(EXERCISE PROMPT) Please write out the listing exactly, leaving each picture out.

(SUPPLIED DATA)
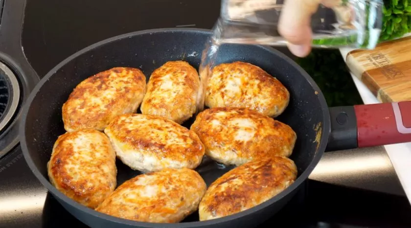 Жарить лучше в два этапа. Сначала на хорошо разогретой сковороде с небольшим количеством масла обжарьте котлеты до румяной корочки с обеих сторон. Рыбный фарш масло почти не впитывает, поэтому «тяжёлого» жирного вкуса не будет. Когда все котлеты подрумянятся, слейте лишнее масло, верните котлеты в чистую сковороду, влейте около 70 мл воды, накройте крышкой и тушите на слабом огне 10–15 минут. Так они дойдут до готовности, останутся сочными внутри и не развалятся.
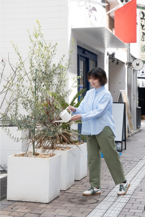 やっぱり好きな、王道コーデ。さりげないフリルのブルーシャツに、風合い豊かに染められたカーキパンツ。シンプルだけど、なんだかしっくりくる組み合わせ。
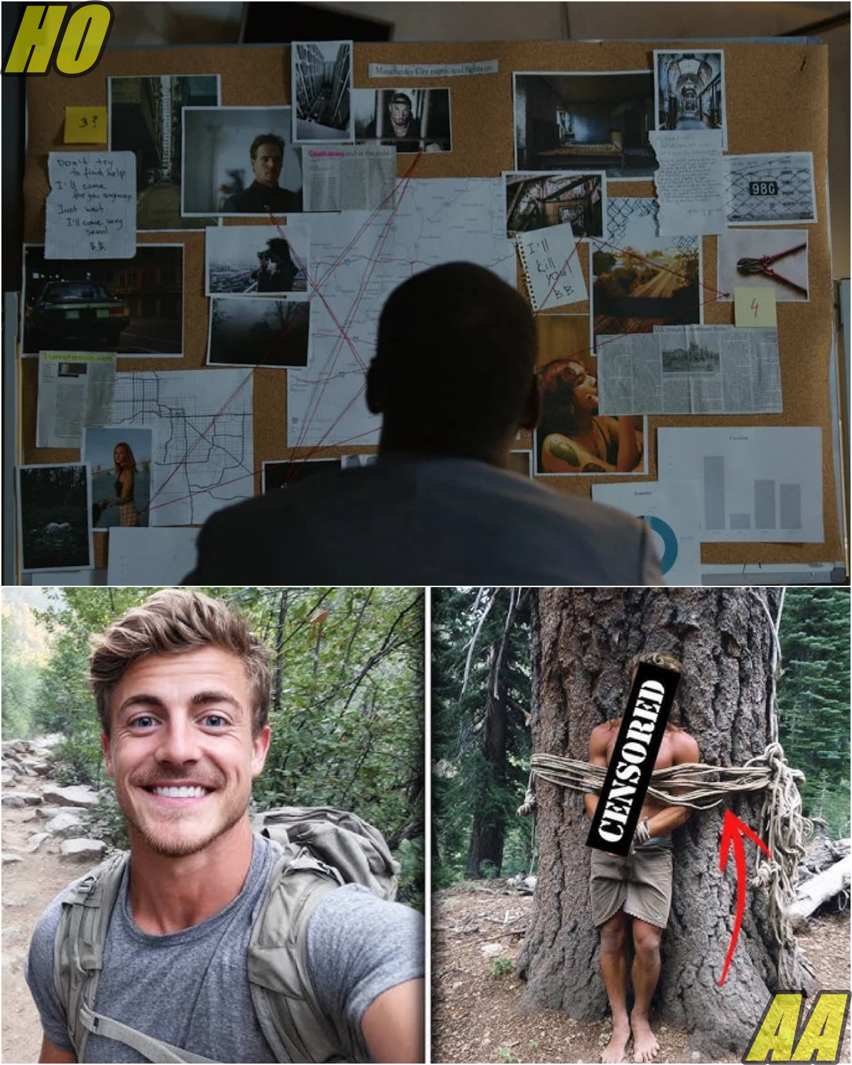On the wall, a sheet of polyethylene was nailed up, covered with newspaper clippings, forum posts, and maps about missing hikers. In the center was a recent photo: Richie, tied to the pine, taken just before he was found.

(TASK RESULT)
 Жарить лучше в два этапа. Сначала на хорошо разогретой сковороде с небольшим количеством масла обжарьте котлеты до румяной корочки с обеих сторон. Рыбный фарш масло почти не впитывает, поэтому «тяжёлого» жирного вкуса не будет. Когда все котлеты подрумянятся, слейте лишнее масло, верните котлеты в чистую сковороду, влейте около 70 мл воды, накройте крышкой и тушите на слабом огне 10–15 минут. Так они дойдут до готовности, останутся сочными внутри и не развалятся.
 やっぱり好きな、王道コーデ。さりげないフリルのブルーシャツに、風合い豊かに染められたカーキパンツ。シンプルだけど、なんだかしっくりくる組み合わせ。
On the wall, a sheet of polyethylene was nailed up, covered with newspaper clippings, forum posts, and maps about missing hikers. In the center was a recent photo: Richie, tied to the pine, taken just before he was found.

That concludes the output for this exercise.